▸ Try it:
Print everything in the records exactly. Leave the pictures out.

▸ Material provided:
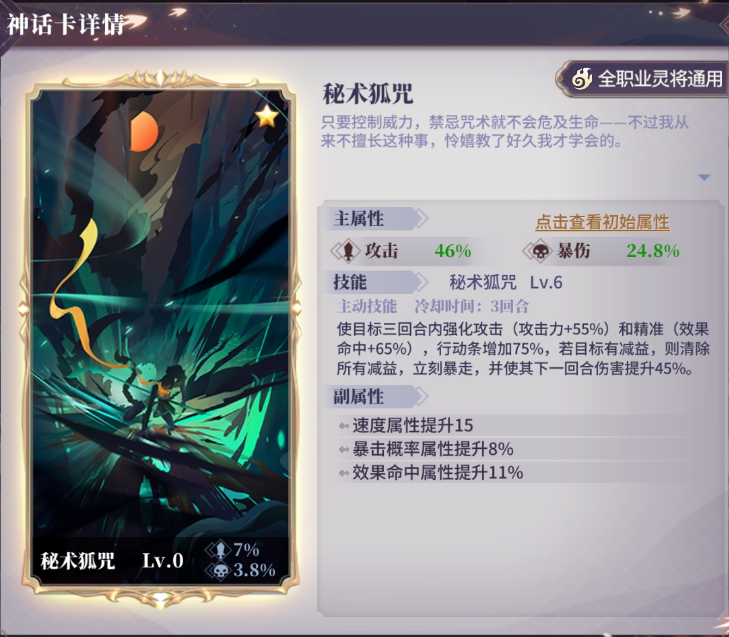 秘术狐咒:偏向于辅助进攻的卡,其实这张卡的主属性改成防御类型的属性强度会更强一点,辅助或者坦克携带这张卡,自身的生存得不到保障,主C带这张卡又不能跟碧游神勇相比。当然其技能效果还是很强的,强化攻击、命中,清除负面效果,顺带几乎可以直接拉满行动条,避免出现普攻的尴尬期。完全是将攻击类型的buff发挥到极致。
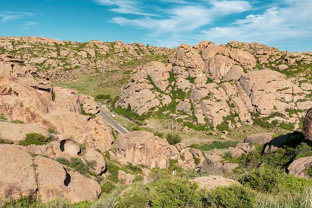怪石峪是个在中哈边境钱上的风景区。一条笔直的公路一直来到怪石峪,公路两旁是高大的山峦,青青草原随处是羊群。
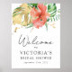 Accueillez les invités à la douche de mariée avec ce magnifique panneau floral tropical facile à personnaliser avec le nom de la mariée et la date.
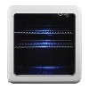 The Magic Chef 1.7-Cu. Ft. Retro Beverage Cooler in White will be the ideal addition to any dorm, office, or rec room. The stylish nostalgic look will complement any decor. The LED blue lighting showcases your beverages. The tinted double-pane glass door is more energy efficient than single-pane glass and helps prevent condensation. There are 2 removable wire shelves which can be adjusted according to your beverages. The beverage cooler offers a 1-year parts-and-labor warranty and 5-year compressor-part warranty._
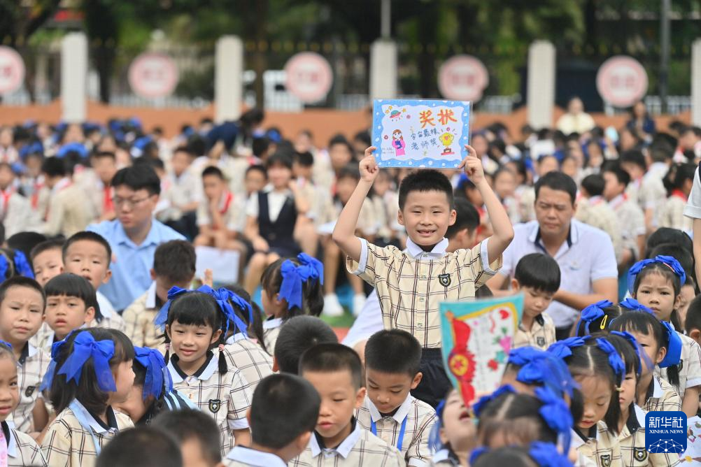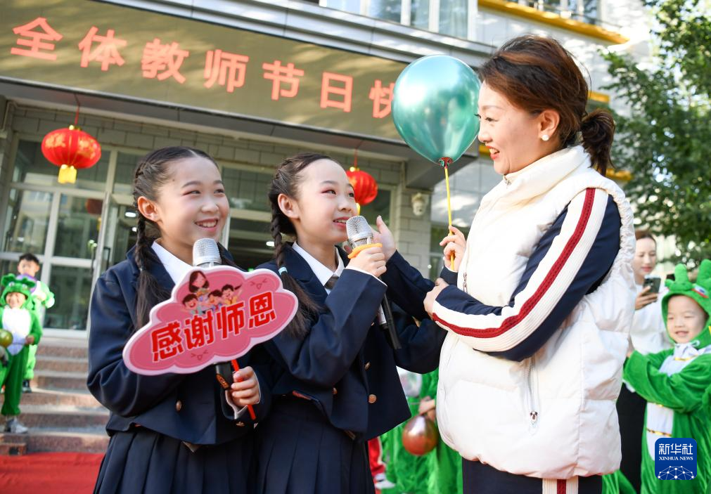 9月10日,在新疆教育學(xué)院實(shí)驗(yàn)小學(xué)校園,學(xué)生為老師獻(xiàn)歌送上祝福。
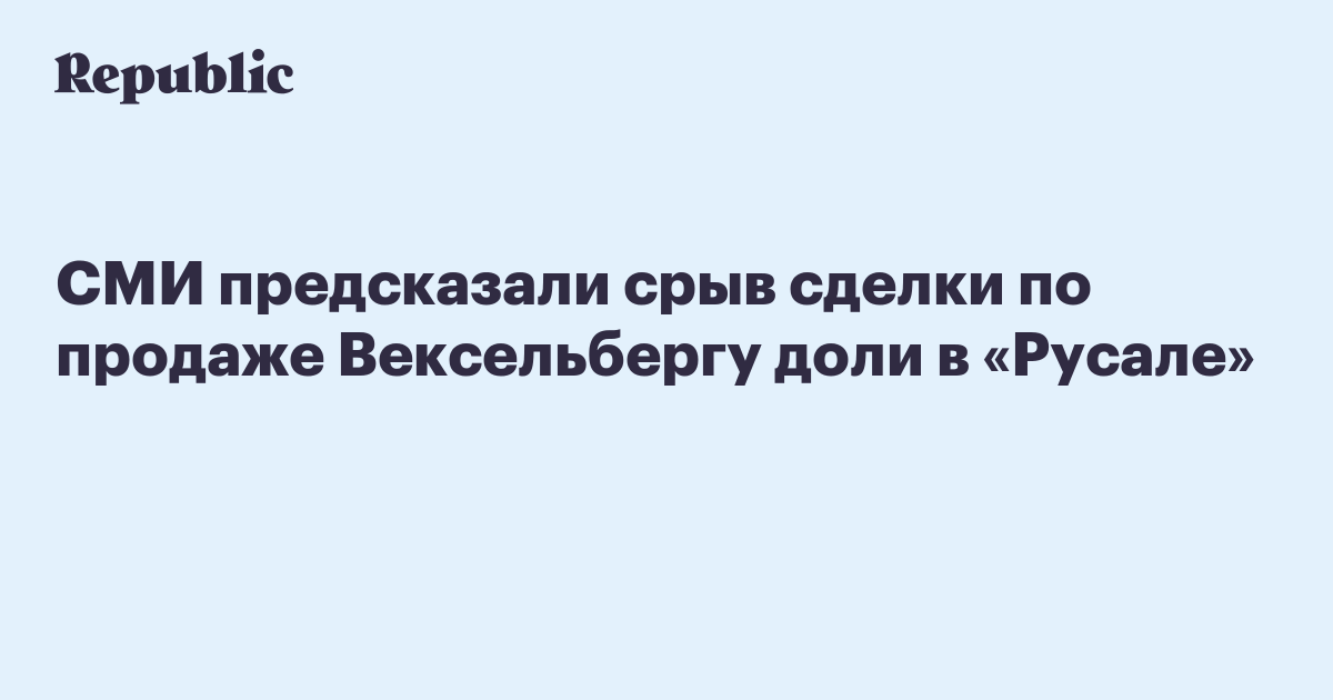 СМИ предсказали срыв сделки по продаже Вексельбергу доли в «Русале»
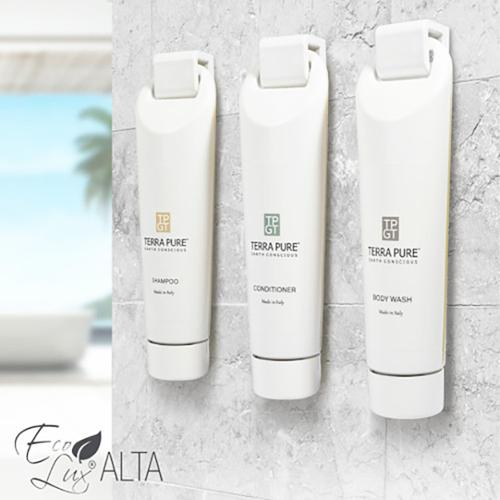 Beautiful sleek design with controlled dosage which minimizes product waste, while our recyclable bottles reduce environmental waste. Quick change disposable bottles mean less time spent on housekeeping, making the EcoLux Alta system cost effective as well as an elegant guest bathroom addition.
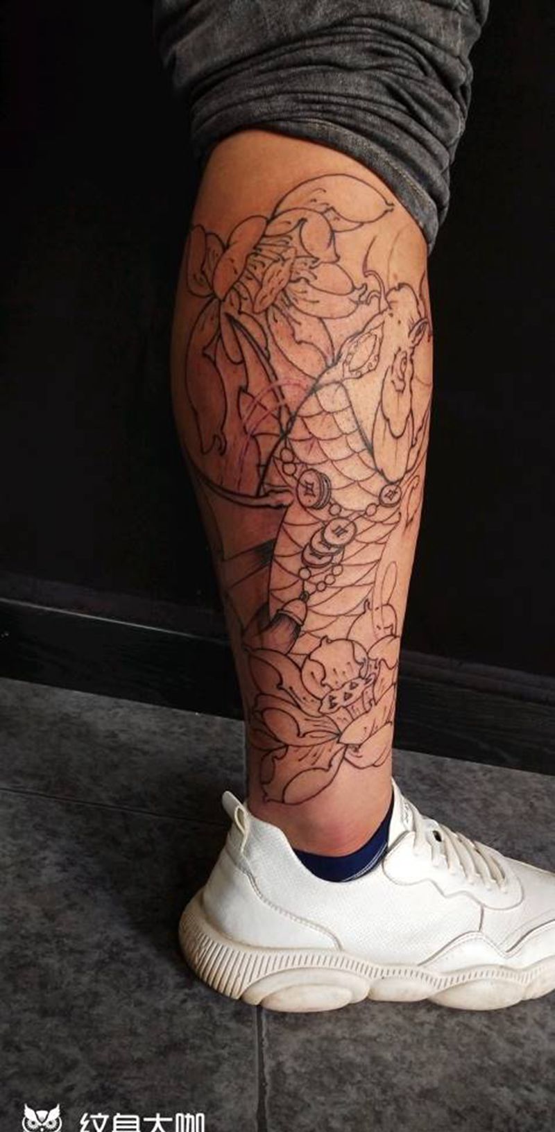 • T网红王老大花腿龙纹身图片_腿部新传统纹身图案
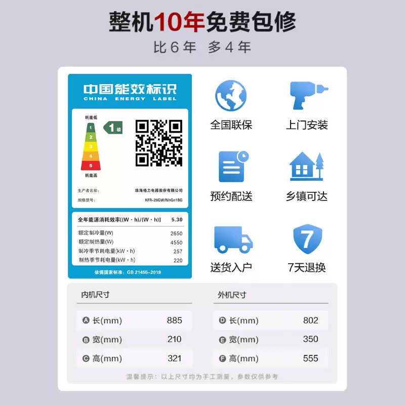 一级能效变频节能送货入户十年包修

▸ Written response:
 秘术狐咒:偏向于辅助进攻的卡,其实这张卡的主属性改成防御类型的属性强度会更强一点,辅助或者坦克携带这张卡,自身的生存得不到保障,主C带这张卡又不能跟碧游神勇相比。当然其技能效果还是很强的,强化攻击、命中,清除负面效果,顺带几乎可以直接拉满行动条,避免出现普攻的尴尬期。完全是将攻击类型的buff发挥到极致。
怪石峪是个在中哈边境钱上的风景区。一条笔直的公路一直来到怪石峪,公路两旁是高大的山峦,青青草原随处是羊群。
 Accueillez les invités à la douche de mariée avec ce magnifique panneau floral tropical facile à personnaliser avec le nom de la mariée et la date.
 The Magic Chef 1.7-Cu. Ft. Retro Beverage Cooler in White will be the ideal addition to any dorm, office, or rec room. The stylish nostalgic look will complement any decor. The LED blue lighting showcases your beverages. The tinted double-pane glass door is more energy efficient than single-pane glass and helps prevent condensation. There are 2 removable wire shelves which can be adjusted according to your beverages. The beverage cooler offers a 1-year parts-and-labor warranty and 5-year compressor-part warranty._
 9月10日,在新疆教育學(xué)院實(shí)驗(yàn)小學(xué)校園,學(xué)生為老師獻(xiàn)歌送上祝福。
 СМИ предсказали срыв сделки по продаже Вексельбергу доли в «Русале»
 Beautiful sleek design with controlled dosage which minimizes product waste, while our recyclable bottles reduce environmental waste. Quick change disposable bottles mean less time spent on housekeeping, making the EcoLux Alta system cost effective as well as an elegant guest bathroom addition.
 • T网红王老大花腿龙纹身图片_腿部新传统纹身图案
 一级能效变频节能送货入户十年包修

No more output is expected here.